Several times in the past decade I have gone with my best friend to her parents' home which is just outside Twin Falls, Idaho. Originally, it probably started out of pity, and although Twin Falls was a good 5-6 drive from where we lived in northwestern Nevada, it was still a lot closer than going to my parents' home, which takes nearly 12 hours to reach. That's just too far for a 4-day weekend.
In subsequent years I've looked forward to a Twin Falls Thanksgiving. A big family dinner with some real folks. Early morning shopping for the good deals. Firework display on Friday night. Nightly domino games. Putting up Christmas lights outside. Well, the putting up the lights is not that enjoyable because it's usually "cold as a frog's nose," but we worry about my friend's parents trying to decorate outside when it's cold and slippery. Anyway, it's always a relaxing, enjoyable time.
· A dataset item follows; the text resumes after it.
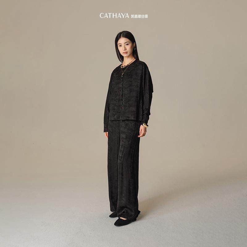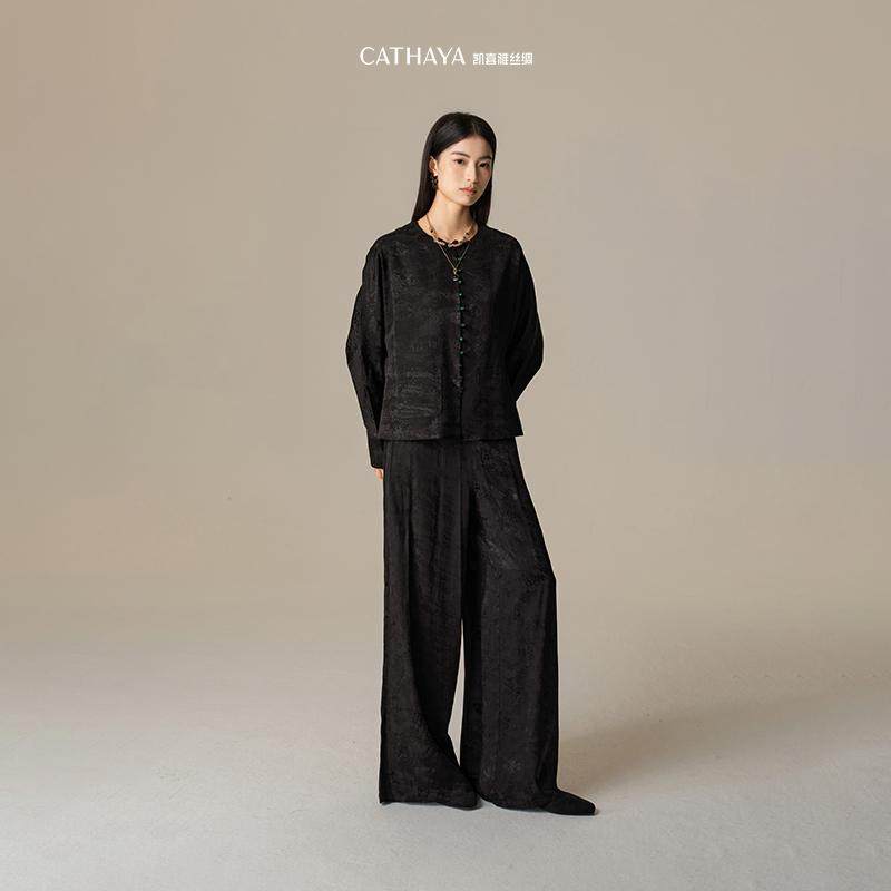 CATHAYA/凯喜雅2024新款高腰垂感直筒休闲女阔腿裤子ZZKWFKJL004

It was in my plans to take the kids (computer tech hubby is on call for businesses that probably aren't even open this weekend) and go to Idaho for the weekend. The kids were excited because my friend has a dog and they are dog-crazy, and they were anticipating some snow on the ground that they could play in. We bought them new hats and gloves (the selection here in Las Vegas was terrible) and warned them that it would probably be cold. The kids, sick and twisted as they are, relished the idea.
And the plans were in place until Wednesday afternoon when I picked my stepson up from school and he looked like he'd been run over by Mack truck. I'd felt my holiday weekend--only the 2nd vacation I've taken out of town this year--slipping away throughout the week as I tried to nurse my stepson back from the dark side of a cold. I thought he was doing better, but you know how colds and oozy infectious 5-year-olds can be...a pain in my arse.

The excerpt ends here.